This is the less is more approach.

Essentially by putting yourself in a situation that seems more romantic by nature without actually showing you and the other person.

Because what we found is generally speaking, our minds are our own worst enemies. This applies more to my clients who are just heartbroken and desperate to get their exes back but it also applies to your ex, her wondering if you’re with some other woman.

That is going to be even more complicated if she can’t confirm if you’ve got another woman.

And what the cool part is, I get to see both sides of the coin, right? So I work with both men and women. And I can tell you, women are overly obsessive about this if you do it correctly. But that’s the less is more approach on social media.

You can post pictures. What’s the less is more approach on text messaging?

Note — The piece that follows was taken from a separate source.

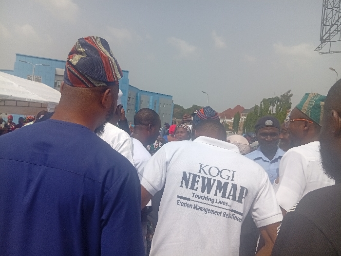 The image captures a daytime outdoor gathering in Okengwe - Obehira, Nigeria, beneath an overcast sky. In the immediate foreground, with his back to the camera, is a male individual wearing a dark blue long-sleeved garment and a patterned cap featuring red, blue, and gold/brown stripes. To his right, another male individual is seen from behind, wearing a white polo shirt with the text "KOGI NEWMAP Touching Lives... Erosion Management Redefined" printed in dark blue. He also wears a multi-colored patterned cap. Further right in the mid-ground, a man in a light blue collared shirt and a dark cap is visible, facing towards the right with a slight smile. Beside him, another man in white clothing wears a green and white patterned cap. A crowd of individuals, including both men and women, is partially visible throughout the mid-ground and background, suggesting an event or public assembly. In the background on the left, a white canopy tent is present. Behind the crowd, several light blue multi-story buildings with numerous windows are visible. A tall metal framework, consistent with a billboard structure, stands against the sky on the far right. Utility poles and some sparse vegetation are also discernible.

Now, this is a really interesting thing. Ultimately, you’re going to have to use the elude strategy, essentially alluding or putting yourself in a romantic environment when you’re talking to your ex-girlfriend and mentioning that you’re in the romantic environment with a friend. You don’t tell her what gender the friend is. You see if she’s willing to fish. We’ve actually seen this work extremely well for some of our clients on the Ex Recovery Program Facebook group.

If you don’t know, we have a flagship program, there’s no pressure whatsoever, I usually never even talk about it on the podcast, but anyone who buys access to this entry level $47 product, this digital product gets access to our private Facebook support group, which I believe actually, I’m recording now and I can give you exact numbers so I don’t have to beat around the bush. I believe right now the Ex Recovery Program has about, it looks like 4,175 members, all men and women, there’s 24 people waiting to join the group.

So it looks like I need to accept some people, but here’s the point. Last week, there was a girl who literally tried the less is more jealousy sort of texts with her ex and her ex literally came back and the first question was, “Is your friend a guy?” Implying that he’s very interested if she was on a date with someone else.

So the best way to approach this is, if you’re texting your ex pretty consistently, and then maybe you stop texting your ex for a two hour window and text her back after that two hour window and basically say, “Hey, sorry. I was out at a movie with a friend.”

That’s a good example of a less is more approach because you never imply if the friend was a guy friend or just a friend that you’re taking out on a date and you just kind of give her enough rope to kind of come to the conclusions on her own. And that’s how we typically approach jealousy, which is a little different because a lot of guys or a lot of other gurus, I guess would say, “Yeah, yeah. Get the hottest girl at the bar, take a picture with the hottest girl in the bar.” That can work sometimes, but more often than not, we find the less is more approach works better.